Полковник с интересом раскрыл папку. Маленький желтый листок выпал оттуда. Корнилов взял его в руки. Это была полуистлевшая записочка, торопливо написанная карандашом:
«Сходи к Вере в Гостиный двор вход с Невского ф-ка медучнаглядных пособий внутри двора пусть она срочно сходит к Максу пусть тот все бросит и поможет меня спасти надо нанять защитника нет ли кого знакомого у Сережи милицейской шишки словом спасайте иначе я погибну умоляю во имя всего святого все надо сделать быстро примите все возможные меры нет ли у Миши связи в судебном мире целую вас».
Крик о помощи.
«Наверное, записку перехватила охрана при попытке передать из тюрьмы», – подумал Игорь Васильевич.
А дело в синенькой папке, на первый взгляд, было банальное. Но в своей банальности страшное. Один мужчина – директор продовольственного магазина – и две женщины-продавщицы «путем обвешивания и обмана потребителей экономили и расхищали продукты» в блокадном Ленинграде. Воровали у людей, умиравших с голода. Протоколы допросов, очных ставок, показания, описи имущества. И новые показания:
«На первом допросе я ввел следствие в заблуждение, но сейчас я прочувствовал, что, скрывая основных виновников преступления, я делаю вред государству. Хочу рассказать всю правду...»
А через несколько страниц – еще более полное, более «искреннее» признание...
Корнилову стало не по себе. Он почувствовал смутное раздражение на Белянчикова, подсунувшего ему эту папку, на себя – за то, что принялся ее листать, на то, что медленно продвигается розыск. Но главное – на то, что, сколько ни бьются они с ворами и жуликами, просвета пока не видно. Ему не раз приходилось листать похожие синие папочки. И за обесцвеченными, выгоревшими от времени строчками всегда вставали такие яркие, такие горькие воспоминания, что он надолго терял душевное равновесие. Корнилов узнавал среди обманутых и обвешенных себя и никак не мог отделаться от привычки подсчитывать украденные килограммы хлеба и масла, обозначенные в протоколах, и прикидывать, сколько ребят из его класса можно было бы кормить этим хлебом и маслом. И как долго. Вдобавок к жидкому соевому супу, который стали давать весной 1942 года. События, описанные сухим языком судопроизводства, были частью жизни. Со стяжателями и ворами у него были старые счеты.

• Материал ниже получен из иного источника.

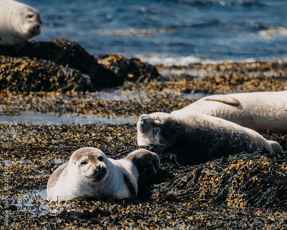 Harbor seals resting on seaweed-covered rocks at Ytri Tunga Beach, Snæfellsnes Peninsula, Iceland.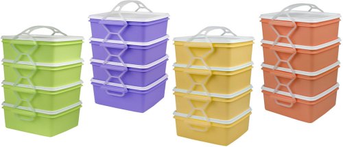 rozmery (Ď x Š x V): 17 x 15 x 25 cm 4 diely: 4 x 1,2 l materiál: plast mix farieb: žltá, oranžová, červená, modrá, zelená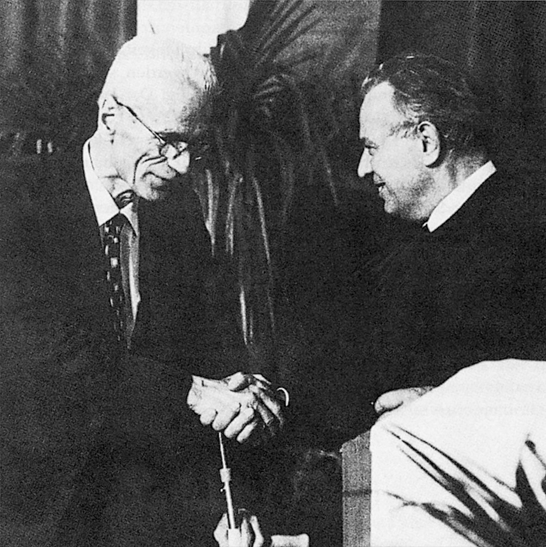 Stretta di mano fra Silvius Magnago (sin.) e Peter Brugger (ds.) dopo la votazione sul “Pacchetto” il 22 novembre 1969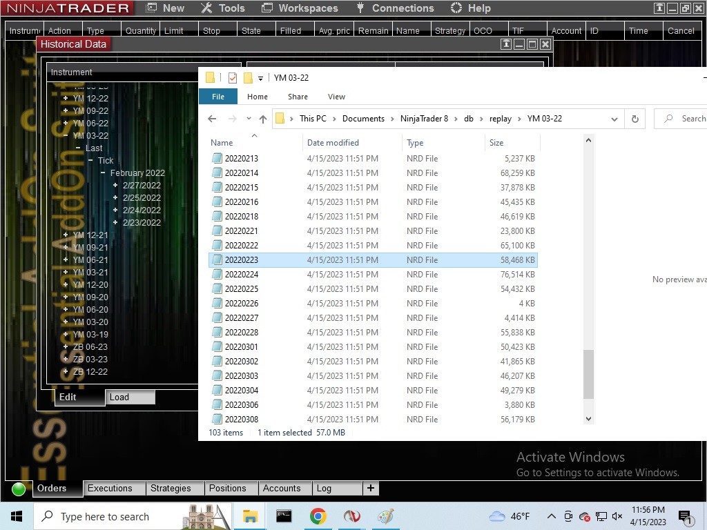 If you look at my screen shot, it shows an example. I'm using data from YM 03-22. Within the Historic Data Manager, you see that I only have data for a couple of days, Feb 22-27 2022. Yet, when I go into the /replay directory, all files for each day is there.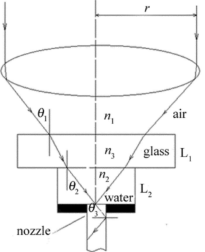 激光耦合即激光束在微水束中發生多次全反射后形成高能量束并在微水束中傳輸的過程。耦合期間激光束要依次經過空氣層、玻璃層L1、水層L2并進入到水束光纖的開始端[13-14],如圖 1所示。

...В мае ему принесли повестку, приглашали прийти в 30-ю школу на Среднем проспекте. Игорь пришел. Оказалось, что собрали всех учеников школы, оставшихся в городе и переживших самое тяжелое блокадное время. Собрали не для учебы, а немножко подкормить.
Ребята с трудом узнавали друг друга. Подходили, спрашивали: «Ты такой-то?» Похожий на тень маленький человек улыбался и кивал. И происходило словно бы новое знакомство со старыми друзьями. Только осталось-то их совсем немного...

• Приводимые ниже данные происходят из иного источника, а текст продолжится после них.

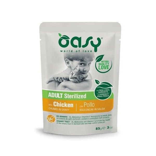 Teneri bocconcini con Pollo, specifici per gatti adulti sterilizzati. Alimento preparato con tante proteine animali e prodotto senza glutine aggiunto, senza aromatizzanti e coloranti artificiali.

Незнакомая учительница, сверившись с классным журналом их третьего «Б», выдала талоны на обед. Обед состоял из тарелки соевого супа. Но не столько этот суп, сколько возможность опять быть вместе, в коллективе, преобразила ребят. Очень быстро они оттаяли, у большинства исчезла печаль, казалось, навечно поселившаяся в глазах. Уже слышался смех, и, выйдя из столовой, пока еще робко, они пытались играть.
Очень недолго ребят кормили супами в какой-то столовой на Среднем проспекте. В один прекрасный день, придя к этой столовой, они нашли ее закрытой. Учительница объявила, что сегодня обеда не будет, и сказала, чтобы завтра все приходили на 10-ю линию, в дом 4. Кормить теперь будут там. И никаких объяснений. В новой столовой тот же суп оказался и гуще и вкуснее. Мальчики радостно удивились – почему бы это? Соя-то везде одинаковая. А потом узнали: повара и официантки в прежней столовой воровали.
«Гады! – говорили ребята между собой. – Взгрели бы их хорошенько!»
В новую столовую Корнилов ходил до самой осени, до отъезда в эвакуацию. И только один раз остался без супа: едва успели расставить тарелки, как рядом разорвался снаряд. Осколками повыбивало окна, в суп полетели стекла, известка. Кое-кого из ребят поцарапало. Хорошо, что столовая была в полуподвальном помещении... Перепуганная учительница металась от стола к столу, проверяя, не ранен ли кто всерьез. Потом, обессиленная, села на стул и, улыбнувшись, сказала:
– Ну вот, ребятки, без супа, но зато живые.
Белянчиков заметил, что полковник перестал листать папку и задумчиво смотрит в окно. Сказал:
– Ну не сволочи ли?!
Корнилов ничего не ответил, стал ожесточенно листать страницу за страницей. Задержался на листке с просьбой о помиловании:
«30 декабря я приговорен военным трибуналом города Ленинграда к расстрелу. Я виноват в использовании поддельных талонов на хлеб, отоваренных в находящемся в моем ведении магазине, и признаю свою вину. Это первое и единственное преступление за всю мою трудовую жизнь. Во имя двух моих братьев, находящихся в РККА, и моей больной жены прошу пощадить меня и даровать мне жизнь, которую я готов отдать на борьбу с жестоким врагом Родины на фронте, и прошу дать мне возможность доказать глубокое мое раскаяние. Грачев.»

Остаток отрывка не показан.